Veía a mi madre en el otro extremo de la habitación, serena y triste. Estaba haciendo sopa, vertiendo hierbas y medicinas en la olla humeante. Y entonces vi que se arremangaba y sacaba un cuchillo bien afilado, que aplicó a la parte más blanda de su brazo. Intenté cerrar los ojos, pero me fue imposible.
Mi madre cortó un trozo de carne de su brazo. Las lágrimas brotaron de sus ojos y la sangre se derramó en el suelo.
Mi madre cogió su carne y la echó en la sopa. Hacía un cocido mágico según la tradición antigua, tratando de curar a su madre por última vez. Abrió la boca de Popo, ya demasiado apretada por el intento de mantener su espíritu dentro. Le hizo tomar la sopa, pero aquella noche Popo huyó para siempre con su enfermedad.
Aunque yo era pequeña, comprendí el dolor de la carne y el valor del dolor.
Así es como una hija honra a su madre. Es un shou tan profundo que se alberga en la médula de tus huesos. El dolor de la carne no es nada. Debes olvidado, porque a veces ésa es la única manera de recordar lo que tienes en los huesos. Debes arrancarte la piel, y la de tu madre, y la de la suya, hasta que no quede nada, ni cicatriz ni piel ni carne.
LINDO JONG
Cierta vez sacrifiqué mi vida para cumplir la promesa que hice a mis padres. Esto no significa nada para ti, pues para ti las promesas no significan nada. Una hija puede prometerte que vendrá a comer, pero si le duele la cabeza, si se encuentra con un atasco de tráfico, si quiere ver una película favorita por televisión, su promesa finalmente se queda en nada.

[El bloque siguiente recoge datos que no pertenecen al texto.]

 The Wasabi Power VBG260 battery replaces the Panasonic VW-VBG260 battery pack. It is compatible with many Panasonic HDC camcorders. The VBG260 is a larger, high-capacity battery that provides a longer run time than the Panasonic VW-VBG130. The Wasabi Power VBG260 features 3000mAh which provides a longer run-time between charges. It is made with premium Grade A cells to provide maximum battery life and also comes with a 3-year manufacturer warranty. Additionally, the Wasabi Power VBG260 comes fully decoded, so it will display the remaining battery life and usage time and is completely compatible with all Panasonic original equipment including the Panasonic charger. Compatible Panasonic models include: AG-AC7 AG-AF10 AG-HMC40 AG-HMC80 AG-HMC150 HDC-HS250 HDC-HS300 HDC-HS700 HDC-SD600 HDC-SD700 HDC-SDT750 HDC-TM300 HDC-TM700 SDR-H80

Cuando no viniste me quedé mirando esta misma película. El soldado norteamericano le promete a la chica que volverá y se casarán. Ella llora con un sentimiento auténtico, y él le dice: «¡Te lo prometo! Mi promesa es tan buena como el oro, cariño mío». Entonces la empuja sobre la cama. Pero luego no regresa. Su oro es como el tuyo, es sólo de catorce quilates.

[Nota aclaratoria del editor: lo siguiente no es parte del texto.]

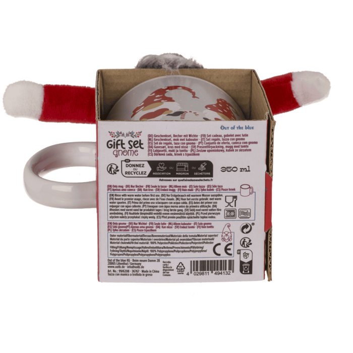 Різдво пахне пряниками, ялинкою і... гарячим чаєм у чашці, яка сама по собі є подарунком! Цей чарівний набір складається з керамічного горнятка з принтом різдвяного гнома та плюшевого гнома, який виглядає з нього, наче охоронець святкової атмосфери. Це поєднання практичної посудини та декоративного гаджета, яке викличе посмішку на обличчі будь-якого одержувача. Ідеально підходить для подарунка від Діда Мороза, корпоративного подарунка або доповнення до різдвяного кошика, повного смаколиків. Об'єм горнятка 350 мл - саме те, що треба для какао, чаю або глінтвейну зимовими вечорами.

Para los chinos, el oro de catorce quilates no es oro de verdad. Toca mis brazaletes. Deben ser de veinticuatro quilates, oro puro por dentro y por fuera.
Es demasiado tarde para que cambies, pero te digo esto porque me preocupa tu bebé, me preocupa que algún día diga: «Gracias por el brazalete de oro, abuela. Nunca te olvidaré». Pero más adelante olvidará su promesa, olvidará que tuvo una abuela.